European Extremely Large Telescope
Engineer rendering of the 39-metre European Extremely Large Telescope (E-ELT)
|Location(s)||Cerro Armazones, Chile, near Paranal Observatory|
|Coordinates||24°35′20″S 70°11′32″W / 24.58889°S 70.19222°WCoordinates: 24°35′20″S 70°11′32″W / 24.58889°S 70.19222°W|
|Altitude||3,060 m (10,040 ft)|
89% clear fraction |
0.67″ median seeing at 500 nm
|Wavelength||visible, near and mid-infrared|
start: July 2014 (construction) |
first light: by 2024 (expected)
|Diameter||39.3 m (129 ft)|
|Secondary dia.||4.09 m :124|
|Tertiary dia.||3.75 m :134|
|Angular resolution||0.001 to 0.65 arcsec depending on instrument|
|Collecting area||978 m2|
34.5 m (f/0.88) primary :94|
420–840 m (f/10 – f/20) final
The European Extremely Large Telescope (E-ELT) is an astronomical observatory and the world's largest optical/near-infrared extremely large telescope now under construction. Part of the European Southern Observatory (ESO), it is located on top of Cerro Armazones in the Atacama Desert of northern Chile. The design comprises a reflecting telescope with a 39.3-metre-diameter segmented primary mirror and a 4.2-metre-diameter secondary mirror, and will be supported by adaptive optics, six laser guide star units and multiple large science instruments. The observatory aims to gather 13 times more light than the largest optical telescopes existing today, be able to correct for atmospheric distortions and provide images 16 times sharper than those from the Hubble Space Telescope.
The E-ELT is intended to vastly advance astrophysical knowledge by enabling detailed studies of planets around other stars, the first galaxies in the Universe, super-massive black holes, and the nature of the Universe's dark sector, and to detect water and organic molecules in protoplanetary disks around other stars. The facility is expected to take 11 years to construct.
On 11 June 2012, the ESO Council approved the E-ELT programme's plans to begin civil works at the telescope site, with construction of the telescope itself pending final agreement with governments of some member states. Construction work on the E-ELT site started in June 2014. In December 2014 ESO had secured over 90% of the total funding and authorized construction of the telescope to start, which will cost around one billion Euro for the first construction phase. First light is planned for 2024.
On 26 April 2010, the European Southern Observatory (ESO) Council selected Cerro Armazones, Chile, as the baseline site for the planned E-ELT. Other sites that were under discussion included Cerro Macon, Salta, in Argentina; Roque de los Muchachos Observatory, on the Canary Islands; and sites in South Africa, Morocco, and Antarctica.
Early designs included a segmented primary mirror with a diameter of 42 metres and area of about 1,300 m2, with a secondary mirror with a diameter of 5.9 m.

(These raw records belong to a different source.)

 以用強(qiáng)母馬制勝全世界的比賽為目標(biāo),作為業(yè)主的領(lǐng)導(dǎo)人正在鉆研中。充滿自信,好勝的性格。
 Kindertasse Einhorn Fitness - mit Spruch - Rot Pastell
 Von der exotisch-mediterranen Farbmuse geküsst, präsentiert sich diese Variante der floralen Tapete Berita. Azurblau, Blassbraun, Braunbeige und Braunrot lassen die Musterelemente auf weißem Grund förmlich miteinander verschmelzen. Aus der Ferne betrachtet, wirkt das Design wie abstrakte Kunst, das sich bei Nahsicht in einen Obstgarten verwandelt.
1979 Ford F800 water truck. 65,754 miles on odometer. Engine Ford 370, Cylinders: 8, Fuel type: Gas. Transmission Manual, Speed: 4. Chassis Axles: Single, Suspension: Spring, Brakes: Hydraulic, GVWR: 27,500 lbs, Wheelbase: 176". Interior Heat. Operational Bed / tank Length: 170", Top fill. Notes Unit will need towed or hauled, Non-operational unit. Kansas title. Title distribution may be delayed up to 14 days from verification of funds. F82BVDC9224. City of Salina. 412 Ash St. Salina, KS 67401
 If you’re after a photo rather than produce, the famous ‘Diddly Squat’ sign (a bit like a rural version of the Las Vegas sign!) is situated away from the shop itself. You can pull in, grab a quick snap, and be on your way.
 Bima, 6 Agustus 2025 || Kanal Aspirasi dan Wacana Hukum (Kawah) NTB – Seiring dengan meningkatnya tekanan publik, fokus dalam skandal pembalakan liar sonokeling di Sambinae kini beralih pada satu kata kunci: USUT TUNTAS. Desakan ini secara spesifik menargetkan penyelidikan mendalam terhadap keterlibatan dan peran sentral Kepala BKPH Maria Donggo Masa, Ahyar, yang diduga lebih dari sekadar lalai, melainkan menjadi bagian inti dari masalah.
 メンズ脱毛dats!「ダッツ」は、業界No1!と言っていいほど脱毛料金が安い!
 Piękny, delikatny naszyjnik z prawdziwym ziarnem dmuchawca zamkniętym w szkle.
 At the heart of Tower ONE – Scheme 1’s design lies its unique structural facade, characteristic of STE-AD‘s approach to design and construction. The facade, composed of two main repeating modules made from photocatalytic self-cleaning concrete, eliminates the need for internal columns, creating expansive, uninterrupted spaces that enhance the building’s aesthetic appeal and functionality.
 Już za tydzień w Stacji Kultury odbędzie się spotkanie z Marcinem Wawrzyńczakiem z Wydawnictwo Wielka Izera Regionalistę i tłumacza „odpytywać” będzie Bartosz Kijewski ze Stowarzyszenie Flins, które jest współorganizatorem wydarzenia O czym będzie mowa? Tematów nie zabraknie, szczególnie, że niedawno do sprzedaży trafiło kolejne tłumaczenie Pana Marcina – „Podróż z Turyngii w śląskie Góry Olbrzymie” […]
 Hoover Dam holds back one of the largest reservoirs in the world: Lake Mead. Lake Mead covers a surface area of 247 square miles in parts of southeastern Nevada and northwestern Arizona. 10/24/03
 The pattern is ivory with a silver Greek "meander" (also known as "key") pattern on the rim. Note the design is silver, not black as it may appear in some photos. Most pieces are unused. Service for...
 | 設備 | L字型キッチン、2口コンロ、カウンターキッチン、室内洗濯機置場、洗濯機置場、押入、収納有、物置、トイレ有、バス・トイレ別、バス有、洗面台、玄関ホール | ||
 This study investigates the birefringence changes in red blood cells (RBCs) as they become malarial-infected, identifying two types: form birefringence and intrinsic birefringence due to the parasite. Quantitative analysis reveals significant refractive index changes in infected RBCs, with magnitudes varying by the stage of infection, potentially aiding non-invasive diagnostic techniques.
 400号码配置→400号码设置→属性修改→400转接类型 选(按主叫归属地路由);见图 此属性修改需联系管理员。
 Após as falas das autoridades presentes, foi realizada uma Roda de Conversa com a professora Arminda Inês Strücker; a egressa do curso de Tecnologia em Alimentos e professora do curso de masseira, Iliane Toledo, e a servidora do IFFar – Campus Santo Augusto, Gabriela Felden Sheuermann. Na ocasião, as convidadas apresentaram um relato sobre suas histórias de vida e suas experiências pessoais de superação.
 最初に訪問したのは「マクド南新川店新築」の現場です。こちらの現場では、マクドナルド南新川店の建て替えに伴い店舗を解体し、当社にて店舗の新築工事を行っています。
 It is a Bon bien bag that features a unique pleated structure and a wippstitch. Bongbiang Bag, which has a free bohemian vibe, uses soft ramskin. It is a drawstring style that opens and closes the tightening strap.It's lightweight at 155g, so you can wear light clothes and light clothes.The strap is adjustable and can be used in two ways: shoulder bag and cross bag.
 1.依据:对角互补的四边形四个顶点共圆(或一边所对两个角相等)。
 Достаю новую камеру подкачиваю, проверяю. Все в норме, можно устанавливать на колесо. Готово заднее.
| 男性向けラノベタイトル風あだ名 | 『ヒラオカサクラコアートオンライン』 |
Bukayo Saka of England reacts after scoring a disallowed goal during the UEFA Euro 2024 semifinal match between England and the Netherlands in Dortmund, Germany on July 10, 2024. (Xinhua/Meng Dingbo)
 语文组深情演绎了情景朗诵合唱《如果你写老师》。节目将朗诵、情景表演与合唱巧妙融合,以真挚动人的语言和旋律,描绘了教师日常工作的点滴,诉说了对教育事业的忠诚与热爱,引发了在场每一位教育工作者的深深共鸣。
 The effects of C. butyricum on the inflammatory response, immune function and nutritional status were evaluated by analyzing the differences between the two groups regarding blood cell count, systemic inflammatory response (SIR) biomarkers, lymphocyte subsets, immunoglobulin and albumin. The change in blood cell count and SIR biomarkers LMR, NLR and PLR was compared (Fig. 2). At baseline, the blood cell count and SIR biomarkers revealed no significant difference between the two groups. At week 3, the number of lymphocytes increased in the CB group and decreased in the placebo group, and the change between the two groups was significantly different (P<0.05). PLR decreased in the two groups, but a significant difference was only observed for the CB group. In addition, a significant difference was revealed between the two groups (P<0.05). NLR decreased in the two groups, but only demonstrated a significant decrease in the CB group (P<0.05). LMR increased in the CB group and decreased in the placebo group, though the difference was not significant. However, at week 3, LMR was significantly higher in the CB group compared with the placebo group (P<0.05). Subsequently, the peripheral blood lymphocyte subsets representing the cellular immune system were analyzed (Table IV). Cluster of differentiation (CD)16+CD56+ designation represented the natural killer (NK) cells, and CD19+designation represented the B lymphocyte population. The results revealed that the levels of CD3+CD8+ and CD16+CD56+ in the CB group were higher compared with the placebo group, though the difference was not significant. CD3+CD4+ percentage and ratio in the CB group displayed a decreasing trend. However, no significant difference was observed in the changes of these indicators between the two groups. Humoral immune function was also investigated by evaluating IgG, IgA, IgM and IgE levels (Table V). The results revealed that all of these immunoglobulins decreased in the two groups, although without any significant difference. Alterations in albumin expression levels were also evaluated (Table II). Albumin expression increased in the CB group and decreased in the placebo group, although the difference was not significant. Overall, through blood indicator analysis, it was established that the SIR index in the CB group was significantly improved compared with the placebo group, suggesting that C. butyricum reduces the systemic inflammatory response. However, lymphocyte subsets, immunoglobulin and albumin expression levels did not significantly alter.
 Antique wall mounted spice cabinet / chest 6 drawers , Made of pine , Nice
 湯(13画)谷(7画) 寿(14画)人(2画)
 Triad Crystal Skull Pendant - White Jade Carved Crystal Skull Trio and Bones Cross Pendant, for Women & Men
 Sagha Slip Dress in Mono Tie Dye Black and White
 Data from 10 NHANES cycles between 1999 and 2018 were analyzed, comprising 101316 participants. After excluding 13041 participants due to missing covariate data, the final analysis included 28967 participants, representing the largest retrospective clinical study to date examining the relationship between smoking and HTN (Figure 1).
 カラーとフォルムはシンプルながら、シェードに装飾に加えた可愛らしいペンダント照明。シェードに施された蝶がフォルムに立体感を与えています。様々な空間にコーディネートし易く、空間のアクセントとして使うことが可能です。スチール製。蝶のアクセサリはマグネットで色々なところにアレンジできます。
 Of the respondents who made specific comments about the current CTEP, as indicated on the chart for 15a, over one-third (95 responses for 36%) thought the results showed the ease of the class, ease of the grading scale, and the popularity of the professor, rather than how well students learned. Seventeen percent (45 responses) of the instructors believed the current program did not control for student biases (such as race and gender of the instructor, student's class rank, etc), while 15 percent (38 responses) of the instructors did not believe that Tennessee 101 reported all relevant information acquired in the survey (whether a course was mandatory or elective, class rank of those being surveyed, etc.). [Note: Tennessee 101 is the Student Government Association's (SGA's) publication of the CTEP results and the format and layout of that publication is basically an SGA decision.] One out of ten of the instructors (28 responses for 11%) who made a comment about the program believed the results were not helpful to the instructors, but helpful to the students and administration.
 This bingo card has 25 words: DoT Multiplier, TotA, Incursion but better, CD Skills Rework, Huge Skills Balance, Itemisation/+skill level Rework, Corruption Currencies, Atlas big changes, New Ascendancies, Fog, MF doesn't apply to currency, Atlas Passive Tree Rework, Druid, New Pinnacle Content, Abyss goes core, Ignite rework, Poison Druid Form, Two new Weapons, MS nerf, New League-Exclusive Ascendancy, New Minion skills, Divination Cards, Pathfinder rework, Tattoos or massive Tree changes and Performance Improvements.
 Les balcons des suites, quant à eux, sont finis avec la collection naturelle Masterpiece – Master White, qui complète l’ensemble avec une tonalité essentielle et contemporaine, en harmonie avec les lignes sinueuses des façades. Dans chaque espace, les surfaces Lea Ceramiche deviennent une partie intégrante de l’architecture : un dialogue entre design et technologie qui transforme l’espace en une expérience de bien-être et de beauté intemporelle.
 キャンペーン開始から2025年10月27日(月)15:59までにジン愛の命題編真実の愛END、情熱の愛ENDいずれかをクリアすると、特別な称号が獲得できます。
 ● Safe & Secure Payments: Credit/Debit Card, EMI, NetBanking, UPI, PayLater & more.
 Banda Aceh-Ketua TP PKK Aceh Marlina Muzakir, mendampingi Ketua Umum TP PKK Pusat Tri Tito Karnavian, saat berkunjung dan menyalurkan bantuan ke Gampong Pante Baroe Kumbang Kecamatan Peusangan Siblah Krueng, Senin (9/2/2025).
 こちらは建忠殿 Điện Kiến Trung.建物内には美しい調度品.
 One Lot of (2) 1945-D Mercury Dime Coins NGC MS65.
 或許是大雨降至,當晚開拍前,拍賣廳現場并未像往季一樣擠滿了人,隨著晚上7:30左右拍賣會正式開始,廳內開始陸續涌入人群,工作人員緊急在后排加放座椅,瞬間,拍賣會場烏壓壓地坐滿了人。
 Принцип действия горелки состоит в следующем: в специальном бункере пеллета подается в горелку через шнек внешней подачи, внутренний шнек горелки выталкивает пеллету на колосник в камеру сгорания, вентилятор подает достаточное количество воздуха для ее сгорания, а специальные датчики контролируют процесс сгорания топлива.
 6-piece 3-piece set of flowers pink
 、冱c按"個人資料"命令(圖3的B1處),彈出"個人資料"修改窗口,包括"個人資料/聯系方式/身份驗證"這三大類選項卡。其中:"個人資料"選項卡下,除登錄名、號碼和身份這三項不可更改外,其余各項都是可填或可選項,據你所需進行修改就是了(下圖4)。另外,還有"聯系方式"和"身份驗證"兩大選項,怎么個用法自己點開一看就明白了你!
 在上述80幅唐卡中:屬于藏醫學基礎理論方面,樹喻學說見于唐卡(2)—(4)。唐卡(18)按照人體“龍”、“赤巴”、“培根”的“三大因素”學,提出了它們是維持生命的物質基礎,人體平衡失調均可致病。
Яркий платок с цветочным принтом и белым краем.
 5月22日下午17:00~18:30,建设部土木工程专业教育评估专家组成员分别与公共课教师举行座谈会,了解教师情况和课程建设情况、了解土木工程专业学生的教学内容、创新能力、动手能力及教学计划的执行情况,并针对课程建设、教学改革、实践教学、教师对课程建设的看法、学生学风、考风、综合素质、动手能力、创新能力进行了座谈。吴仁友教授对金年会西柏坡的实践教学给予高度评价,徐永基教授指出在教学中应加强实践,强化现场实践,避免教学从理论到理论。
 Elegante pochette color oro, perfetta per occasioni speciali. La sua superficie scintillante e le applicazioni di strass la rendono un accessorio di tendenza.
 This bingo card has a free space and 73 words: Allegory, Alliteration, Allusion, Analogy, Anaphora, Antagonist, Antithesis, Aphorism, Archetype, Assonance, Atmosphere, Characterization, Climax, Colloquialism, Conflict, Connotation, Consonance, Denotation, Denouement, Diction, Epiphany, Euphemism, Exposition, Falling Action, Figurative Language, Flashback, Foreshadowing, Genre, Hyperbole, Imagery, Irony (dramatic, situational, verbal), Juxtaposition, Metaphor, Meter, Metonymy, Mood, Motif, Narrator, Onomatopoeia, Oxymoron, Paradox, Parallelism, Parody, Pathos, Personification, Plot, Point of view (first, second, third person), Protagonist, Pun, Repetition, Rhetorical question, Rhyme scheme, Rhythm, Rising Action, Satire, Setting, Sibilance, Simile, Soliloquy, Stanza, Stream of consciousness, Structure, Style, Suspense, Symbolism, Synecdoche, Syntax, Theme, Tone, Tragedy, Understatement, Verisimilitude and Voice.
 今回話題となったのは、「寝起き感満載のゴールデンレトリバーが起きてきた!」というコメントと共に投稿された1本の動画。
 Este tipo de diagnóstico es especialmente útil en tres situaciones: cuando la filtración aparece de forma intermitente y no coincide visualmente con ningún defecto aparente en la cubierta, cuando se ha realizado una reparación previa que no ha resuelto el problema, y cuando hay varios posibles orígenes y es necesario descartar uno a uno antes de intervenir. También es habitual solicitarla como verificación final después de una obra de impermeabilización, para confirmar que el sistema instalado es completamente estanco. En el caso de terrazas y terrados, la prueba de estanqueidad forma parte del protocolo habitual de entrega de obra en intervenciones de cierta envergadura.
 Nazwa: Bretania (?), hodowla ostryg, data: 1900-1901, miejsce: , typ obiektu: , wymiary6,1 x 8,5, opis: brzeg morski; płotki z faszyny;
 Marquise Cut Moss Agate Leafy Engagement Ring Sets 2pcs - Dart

However, in 2011 a proposal was put forward to reduce its size by 13% to 978 m2, for a 39.3 m diameter primary mirror and a 4.2 m diameter secondary mirror. It reduced projected costs from 1.275 billion to 1.055 billion euros and should allow the telescope to be finished sooner. The smaller secondary is a particularly important change; 4.2 m places it within the capabilities of multiple manufacturers, and the lighter mirror unit avoids the need for high-strength materials in the secondary mirror support spider.:15
ESO's Director General commented in a 2011 press release that "With the new E-ELT design we can still satisfy the bold science goals and also ensure that the construction can be completed in only 10–11 years." The ESO Council endorsed the revised baseline design in June 2011 and expected a construction proposal for approval in December 2011. Funding was subsequently included in the 2012 budget for initial work to begin in early 2012. The project received preliminary approval in June 2012. ESO approved the start of construction in December 2014, with over 90% funding secured.
The design phase of the 5-mirror anastigmat was fully funded within the ESO budget. With the recent changes in the baseline design (such as a reduction in the size of the primary mirror from 42 m to 39.3 m), the construction cost is estimated to be €1.055 billion (including first generation instruments). The start of operations is planned for 2024.
The ESO focused on the current design after a feasibility study concluded the proposed 100 metres (330 ft) diameter Overwhelmingly Large Telescope would cost €1.5 billion (£1 billion), and be too complex. Current fabrication technology limits single mirrors to being roughly 8 metres (26 ft) in a single piece. The next-largest telescopes currently in use are the Keck Telescopes, the Gran Telescopio Canarias and the Southern African Large Telescope, which each use hexagonal mirrors fitted together to make a mirror more than 10 metres (33 ft) across. The E-ELT will use a similar design, as well as techniques to work around atmospheric distortion of incoming light, known as adaptive optics.
A 40-metre-class mirror will allow the study of the atmospheres of extrasolar planets. The E-ELT is the highest priority in the European planning activities for research infrastructures, such as the Astronet Science Vision and Infrastructure Roadmap and the ESFRI Roadmap. The telescope underwent a Phase B study in the past couple of years that included "contracts with industry to design and manufacture prototypes of key elements like the primary mirror segments, the adaptive fourth mirror or the mechanical structure (...) [and] concept studies for eight instruments.”
The telescope's segmented mirror will be 39.3 metres in diameter and will gather 15 times more light than the largest optical telescopes operating at the time of its development. The telescope has an innovative five-mirror design that includes advanced adaptive optics to correct for the turbulent atmosphere, giving exceptional image quality.
The primary mirror for the 39.3-metre design will be composed of 798 hexagonal segments, each 1.45 metres across and 50 mm thick. A special correcting mirror in the telescope will be supported by more than 6,000 actuators that can distort its shape a thousand times per second. The telescope main structure will weigh about 2,800 tonnes. The Italian ACe Consortium will manufacture, transport, and assemble the E-ELT's frame and protective dome.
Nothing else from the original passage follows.